Ingredients:
- 3-4 pounds beef roast (such as chuck, round, or sirloin)
- Salt and pepper to taste
- 2 tablespoons olive oil
- 1 onion, sliced
- 4 cloves garlic, minced
- 1 cup beef broth
- 1/2 cup red wine (optional)
- 2 sprigs of fresh thyme (or 1 teaspoon dried thyme)
- 2 sprigs of fresh rosemary (or 1 teaspoon dried rosemary)
- 2 bay leaves
- 2 tablespoons flour (optional, for gravy)
Instructions:
- 1. Preheat your oven to 325°F (160°C).
- 2. Season the beef roast generously with salt and pepper on all sides.

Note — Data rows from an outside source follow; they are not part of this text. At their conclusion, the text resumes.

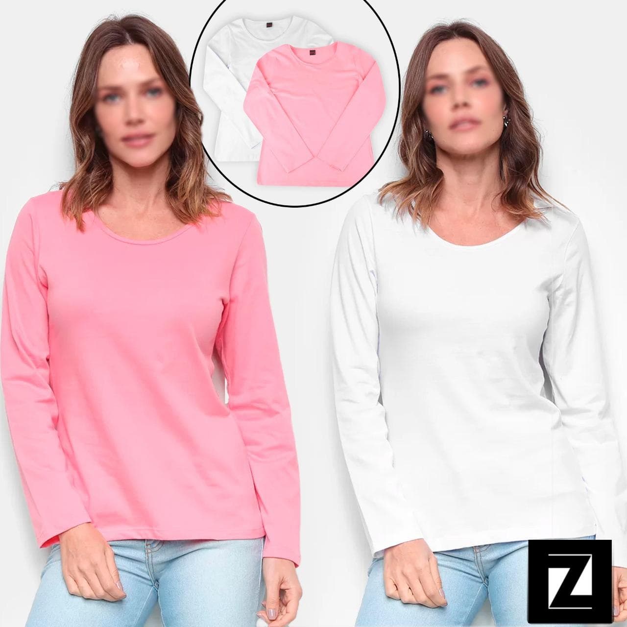 Kit Blusa Básicos Manga Longa C/ 2 Peças Feminina
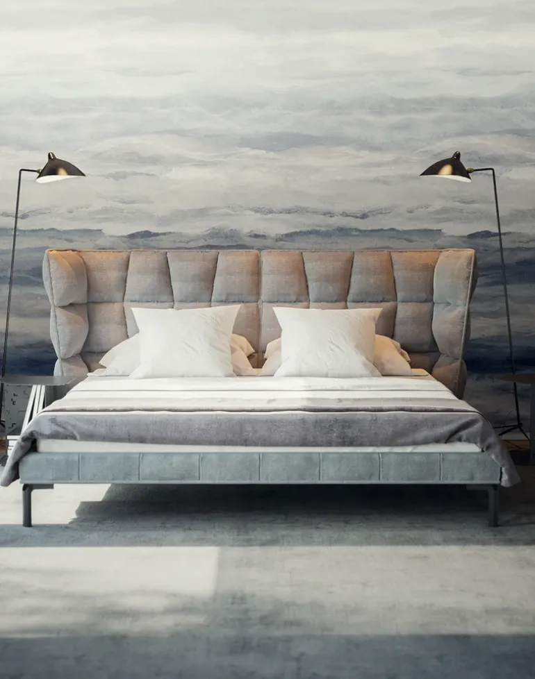 Stira’s Hand depicts a body of alluring mythical landscapes across a series of large-scale wallcoverings. Encompassing the three elements – Land, Sky, and Sea, these beautifully painted scenes furnish boundless imagination into any interior. Brought to life with impeccable British craftsmanship, Stira’s abstract brush strokes and subtle pigmentations are presented on our finest fibrous parchment, creating an authentic textured backdrop reminiscent of the artist’s canvas. Indulge your imagination across four vivid colorways, Stratum, Horizons, Changing Tides (+ Ombre Edition) and Nightfall (on Silver Mica).
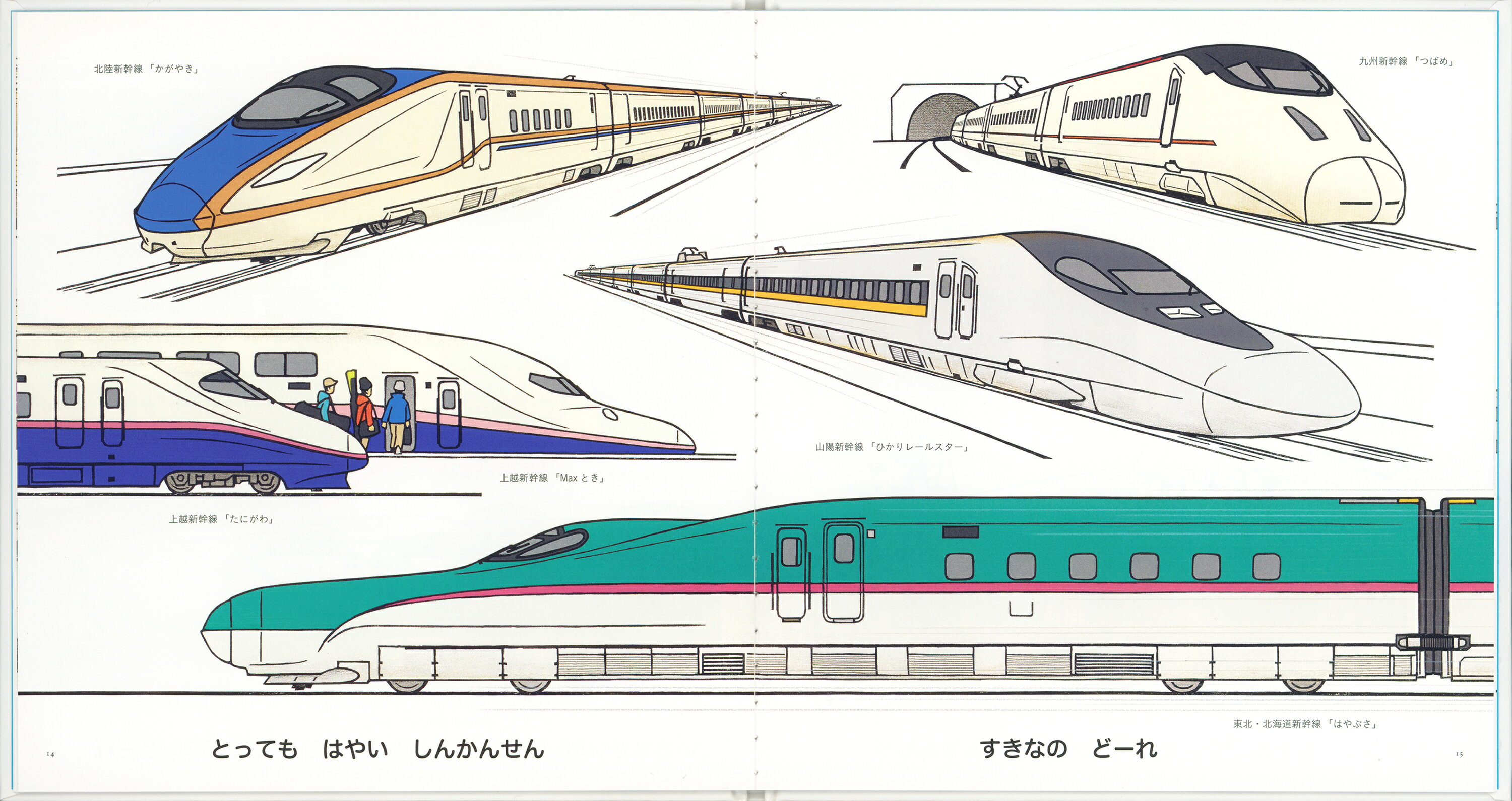 いろんな顔の電車があるね。やさしい顔の電車に、おこった顔の電車。すきなのどーれ。いろんなかたちの電車があるね。窓のかたちもみんなちがうよ。色や模様も、赤だったり黄色だったり、花柄だったり、それぞれにちがってる。いちばんすきなの、どーれ。版画で刷った絵を貼りかさねて画面を作る手法で、たくさんの電車が図鑑的に描かれます。お気に入りを親子で指さしながら読むのが楽しい絵本です。
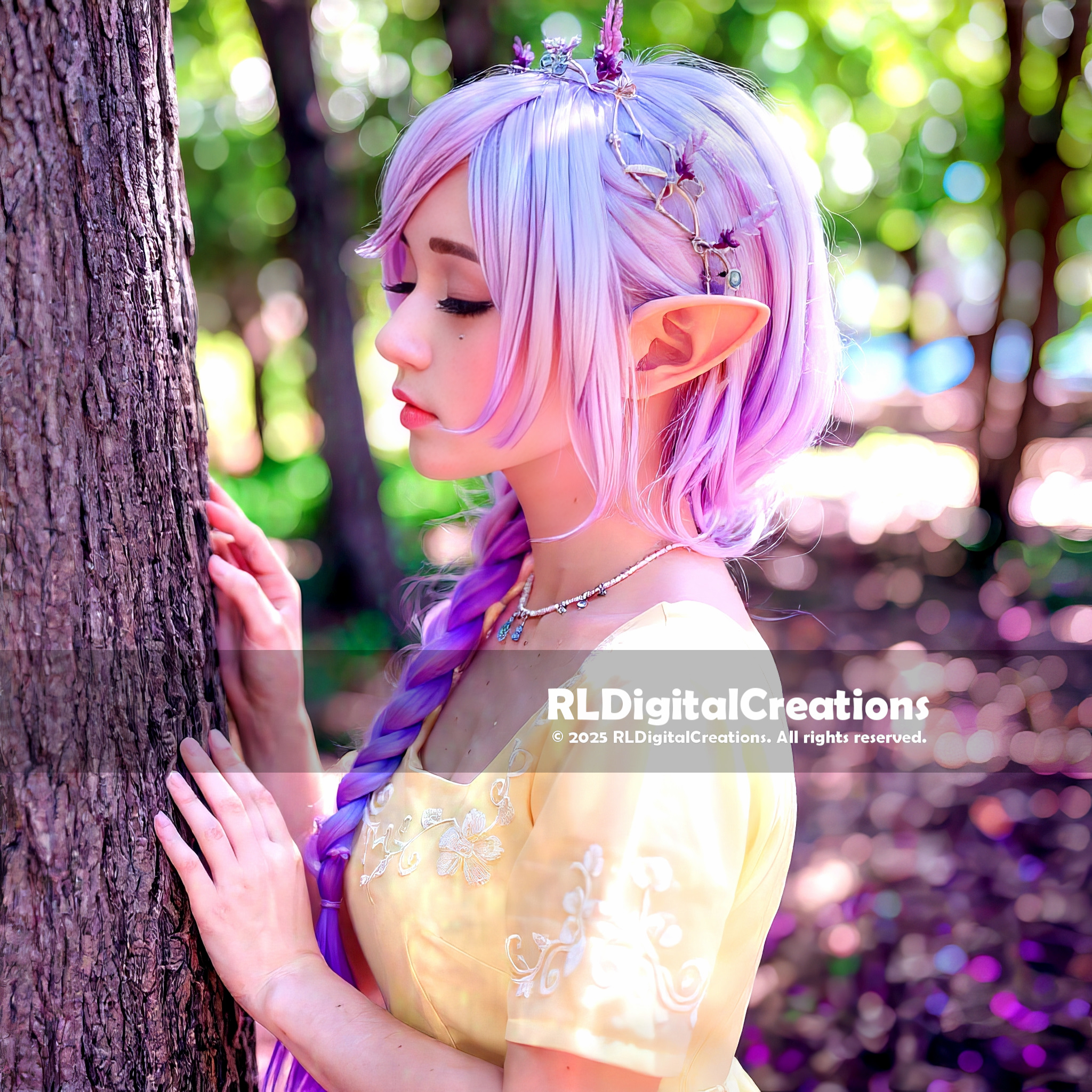 Bathed in soft woodland light, a lavender-haired elf maiden rests her hands against an ancient tree, eyes gently closed as if listening to the quiet heartbeat of the forest. Every detail—from the intricate floral crown and delicate braid to the warm glow on her pastel gown—captures a moment of pure serenity and enchantment, inviting the viewer into a world where nature and magic breathe as one. Perfect as a statement piece for fantasy lovers, this artwork brings a calming, ethereal presence to any room or digital space. This high-resolution digital download is available for $40.
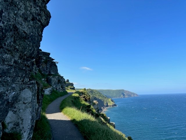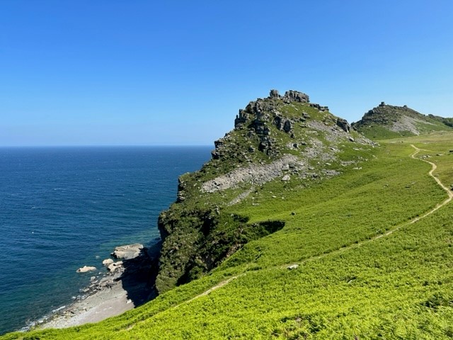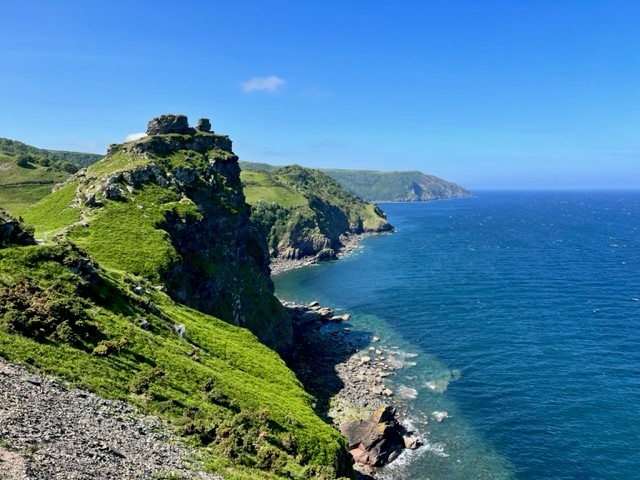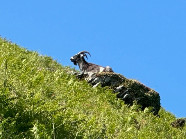 Auch am letzten Tag wurden wir noch einmal mit praller Sonne und eindrucksvollen Bildern verwöhnt. Von Lynton aus erreicht man direkt zu Fuß Valley of the Rocks. Dies ist eine großartige Option für eine leichte bis mittelschwere Rundwanderung um das Valley of the Rocks, eine absolut atemberaubende Gegend im Exmoor in Nord-Devon. Vor vielen Jahrtausenden wurde dieses zerklüftete Tal auf dem Trockenen sitzen gelassen, als sein Schöpfer, der Fluss Lyn, seine Meinung änderte und seinen Lauf änderte, um bei Lynmouth ins Meer zu münden. Das Tal ist ein stimmungsvoller und bisweilen unheimlicher Ort, der Schriftsteller wie Samuel Taylor Coleridge und William Wordsworth inspiriert hat, und seine zerklüftete Architektur spiegelt alte Legenden wider. Auf unserem Weg sahen wir gespaltene Gipfel, dramatische Klippen und weite Ausblicke auf das Meer . Und sogar die eine oder andere Wildziege!
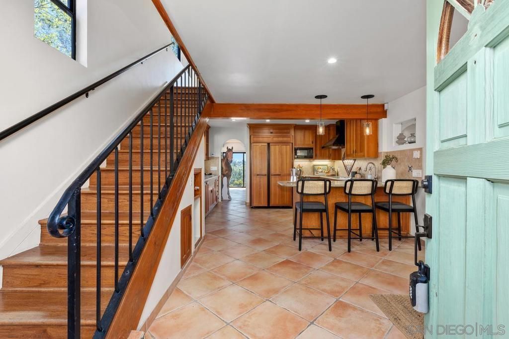 4.4-acre gated horse property with panoramic views, usable land, and a complete equestrian setup just minutes from downtown Fallbrook. This solar-powered 3BR/2BA home is designed to take advantage of the setting, with large picture windows, exposed beam ceilings, and seamless indoor-outdoor flow to an expansive view deck. The main living space centers around a fireplace and connects to a well-appointed kitchen with custom cabinetry, high-end appliances, and an eat-in dining area that works for daily living and entertaining. Upstairs, the primary suite acts as a private retreat with its own fireplace, walk-in closet, spa-style bath, and direct access to a view deck overlooking rolling hills. The property is fully equipped for horse use with a 4-stall barn (including foaling stall), tack room, wash rack, arena, and three paddocks, along with rubber-matted stalls and hot/cold water. An attached studio with bath and kitchenette provides flexible space for guests, office, or ADU/long-term occupancy. 33 owned solar panels, RV carport, storage sheds, and a well-balanced layout complete the offering.
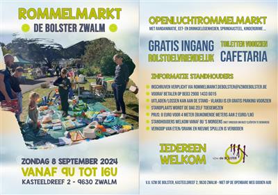 De rommelmarkt, met cafetaria en terras, kinderanimatie en eet- en drankgelegenheid, gaat door op 8 september 2024.
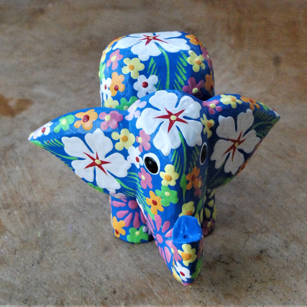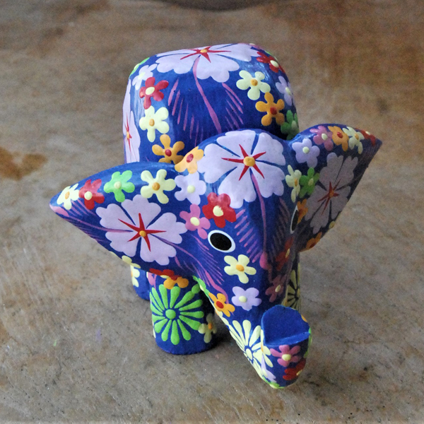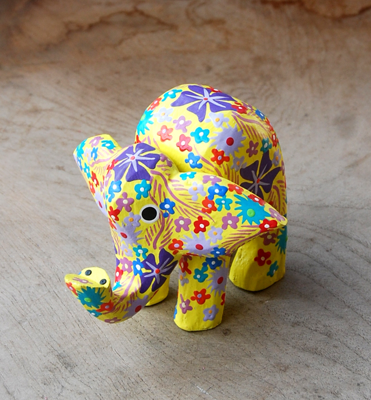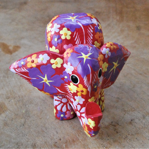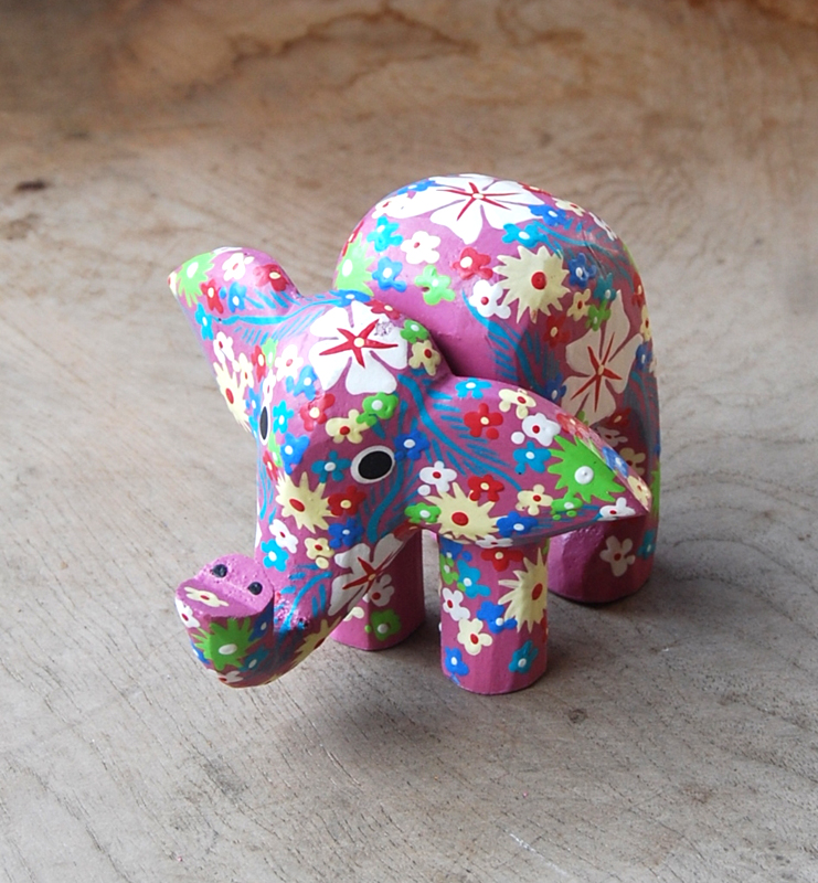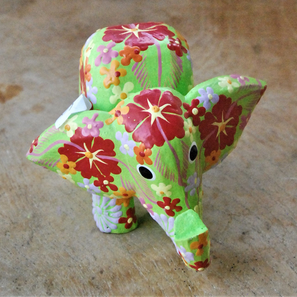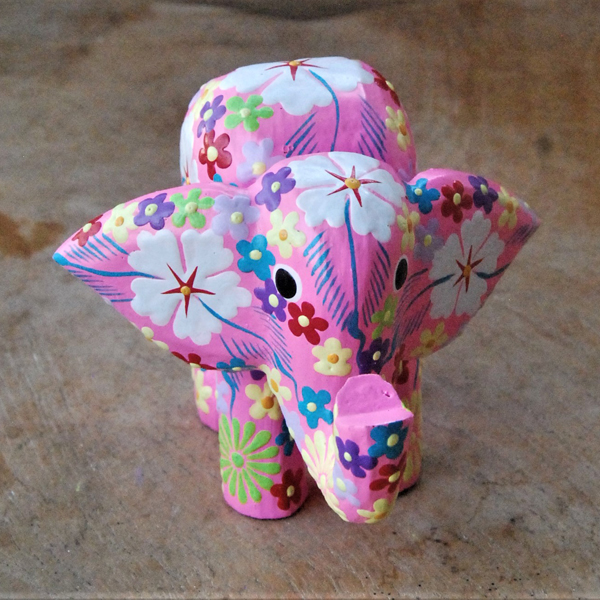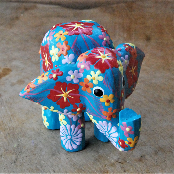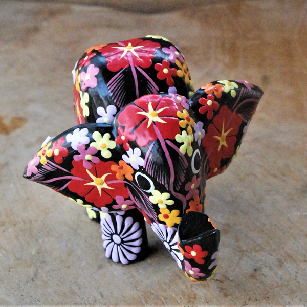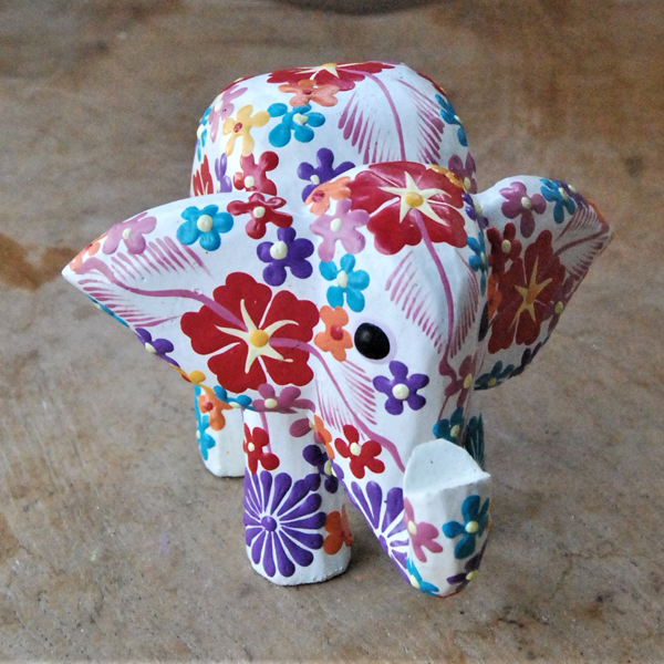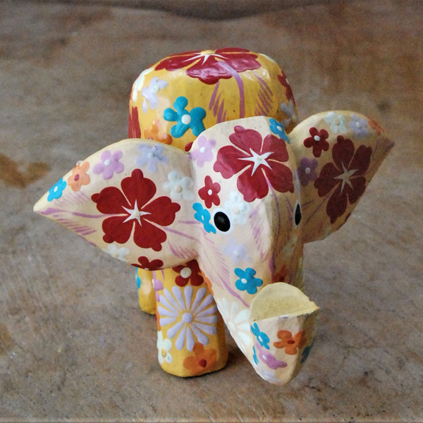 ELEFANTINO TESTA MOVIBILE DESTRA SINISTA DIPINTO IN LEGNO A FIORI CM
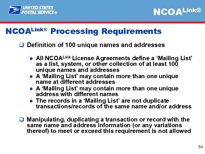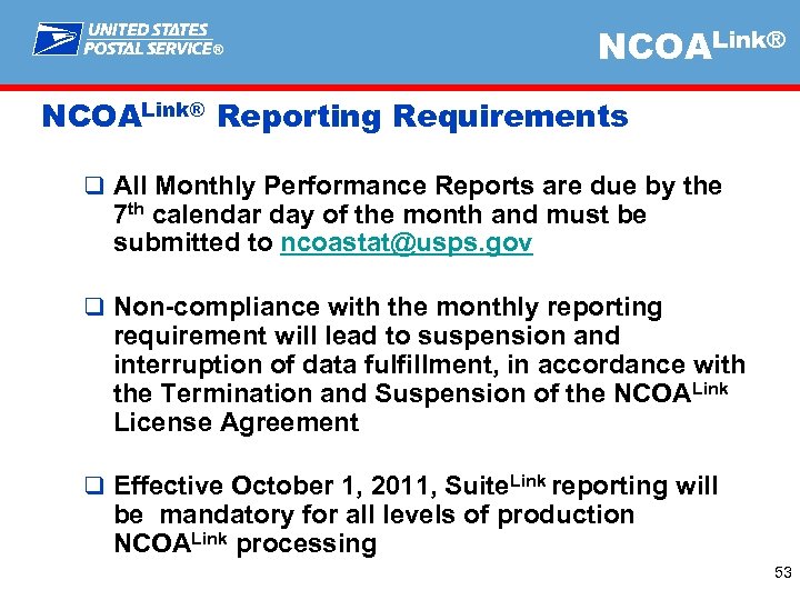 ® NCOALink® Reporting Requirements q All Monthly Performance Reports are due by the 7 th calendar day of the month and must be submitted to ncoastat@usps. gov q Non-compliance with the monthly reporting requirement will lead to suspension and interruption of data fulfillment, in accordance with the Termination and Suspension of the NCOALink License Agreement q Effective October 1, 2011, Suite. Link reporting will be mandatory for all levels of production NCOALink processing 53
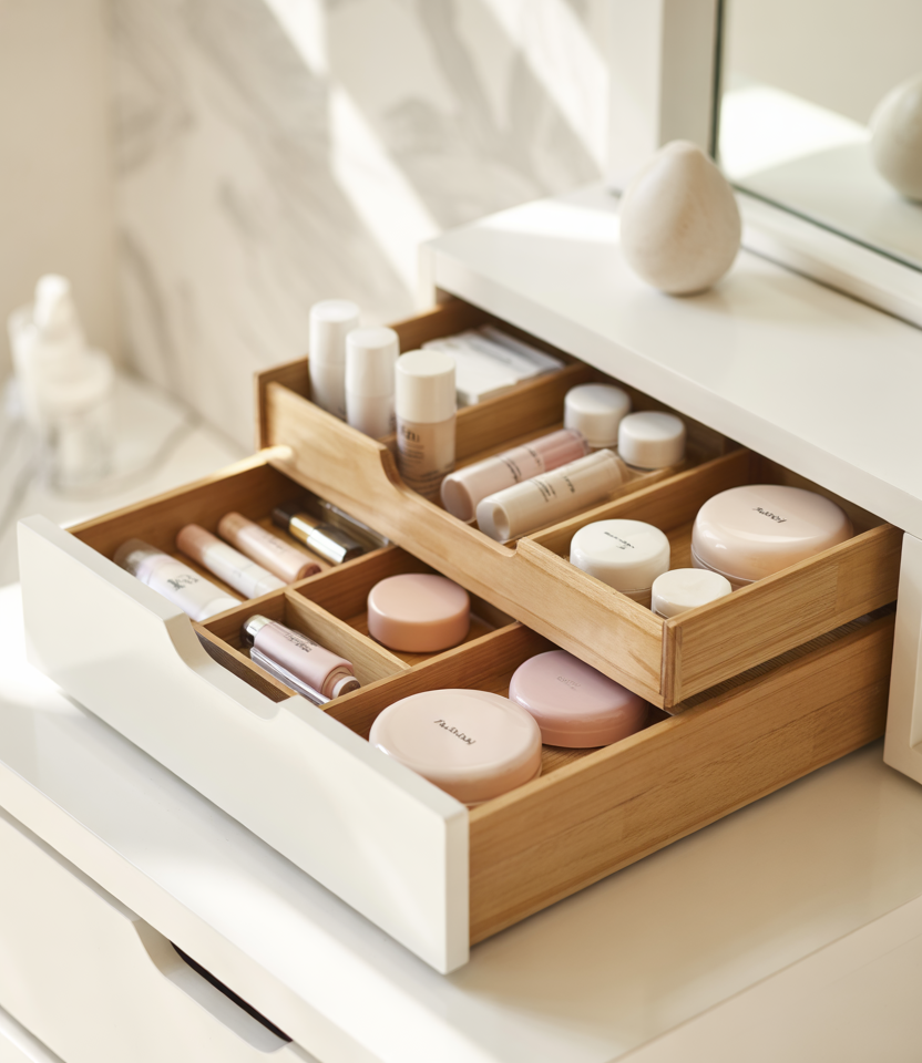 Tiered organizers can double a drawer’s capacity by stacking sections without feeling cramped. These organizers are ideal for refreshing drawers or for holding skincare minis that might otherwise roll around. The layered system keeps daily items at eye level and less-used products tucked neatly below. Expert commentary: the best tiered organizers allow the top layer to slide, offering both visibility and flexibility. It’s the closest thing to custom cabinetry without the remodel.

- 3. Heat olive oil in a large oven-safe Dutch oven or roasting pan over medium-high heat.
- 4. Sear the beef roast on all sides until browned, about 4-5 minutes per side. Remove the roast from the pan and set it aside.
- 5. In the same pan, add sliced onions and minced garlic. Cook until softened, about 3-4 minutes.
- 6. Deglaze the pan with beef broth and red wine, scraping up any browned bits from the bottom.
- 7. Return the beef roast to the pan. Add thyme, rosemary, and bay leaves.
- 8. Cover the pan with a lid or aluminum foil and transfer it to the preheated oven.
- 9. Roast the beef for about 3-4 hours, or until it's fork-tender and easily pulls apart.
- 10. Once the beef is cooked, remove it from the oven and transfer it to a cutting board. Let it rest for 10-15 minutes before slicing.
- 11. Optional: To make gravy, strain the pan juices into a saucepan, discarding the solids. Whisk in flour and cook over medium heat until thickened, about 5 minutes.
- 12. Slice the beef roast against the grain and serve with gravy on the side.